Parashat Hashavua Miketz 2017 / 5778 - Dreaming the Right Dreams

15.12.2017 by

The theme of dreams is, of course, central to the Yosef story to a degree which is unique in the Bible. From Yosef’s dreams of grandeur, in which his brothers and parents – symbolized by sheaves of grain and the sun, moon, and stars – bow down to him, to the dreams of Pharaoh’s incarcerated servants which Yosef correctly interprets as prophesying their respective fates, to Pharaoh’s dreams of seven fat and seven lean years – as Yosef again correctly interprets – we have a higher dream per verse ratio than anywhere else in Biblical literature.

Much ink has been spilled, many words spoken and pixels generated, in explaining why dreams are so central here. I’ll throw in my two pixels and point out that the dreams invariably are about, or connected to, a power dynamic. Yosef’s dreams of his family bowing down to him are clearly all about position and power, as are the dreams of Pharaoh’s baker and wine steward prophesying what he will do to them – in one case execute, in the other restore to his original position. The final dreams, of the fat and lean cows and sheaves, are not directly about power – they seem to be more about the weather and its impact on crop growth – but are responded to with power: Yosef, after explaining the dreams, advises Pharaoh to embark on a very aggressive program of food storage and distribution, which ends up placing just about all of Egypt in royal hands. Yosef’s interpretations also bring him to a position of power, second only to Pharaoh. In Ancient Evenings, a book by Norman Mailer which I do NOT recommend, Mailer theorizes that Pharaoh’s dreams are an expression of his power, his total identification with and control over Egypt; that is why he was able to be in tune with what the future holds for his country and dream it. The dreams, and what they foresee and bring about, are ultimately an expression of the king of Egypt’s, and Yosef’s, power. 

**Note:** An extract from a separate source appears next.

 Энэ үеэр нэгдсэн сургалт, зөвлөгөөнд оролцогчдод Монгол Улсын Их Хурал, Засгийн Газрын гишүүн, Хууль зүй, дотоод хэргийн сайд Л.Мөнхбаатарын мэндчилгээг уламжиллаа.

The Yosef story is a tragedy: fraternal hatred and violence, years of bitterness, doubt, and longing for Yaakov and guilt for his sons, and, although Yosef’s position does help both his family and the general area live though seven years of famine, the price paid is extremely steep – the Israelites settle in Egypt, where they are soon brutally and murderously enslaved. Even after the apparently happy ending, when Yosef and his family are reunited and apparently reconciled, the internal divisions remain. In the Haftarah for next week’s parsha, Vayigash, the prophet Yechezkel speaks of a hoped-for rapprochement between the house of Yosef and the house of Yehuda, indicating that the brothers remain embittered, divided, in need of healing. (The Haftarah for our portion, Miketz, is the story of Solomon, the two women, and cutting the disputed baby in half. It opens with a dream, and is all about power – the power to rule that a baby should be chopped in half.)

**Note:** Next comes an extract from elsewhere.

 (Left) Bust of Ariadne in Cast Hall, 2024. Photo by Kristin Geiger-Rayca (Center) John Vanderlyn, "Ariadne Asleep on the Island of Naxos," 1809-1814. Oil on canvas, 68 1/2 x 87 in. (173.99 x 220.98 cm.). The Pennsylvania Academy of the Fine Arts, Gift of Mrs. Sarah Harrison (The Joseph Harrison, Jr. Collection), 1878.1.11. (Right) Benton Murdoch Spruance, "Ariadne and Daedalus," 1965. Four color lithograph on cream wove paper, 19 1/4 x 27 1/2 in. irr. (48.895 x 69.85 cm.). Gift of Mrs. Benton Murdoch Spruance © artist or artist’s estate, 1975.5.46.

This tragedy is powered by the dreams, and the dreams are about power. They are rooted in and unfold in a world of power. Yosef’s dreams of his family’s obeisance are predicated on the relevance of obeisance – they only make sense in a world and a culture where people are expected, obligated, to bow down to other, more powerful people. Yosef only could have dreamt them in a culture such as the one in which he lived: in the shadow and influence of the Egyptian empire, a particularly despotic, hierarchal, power hungry, oppressive regime, in which acts of obeisance and obedience are central to the way the society and culture works. Had Yosef lived in a world where bowing down to other human beings is seen as at best weird and distasteful and, at worst, sick and false, he would not, he could not, have dreamt what he did.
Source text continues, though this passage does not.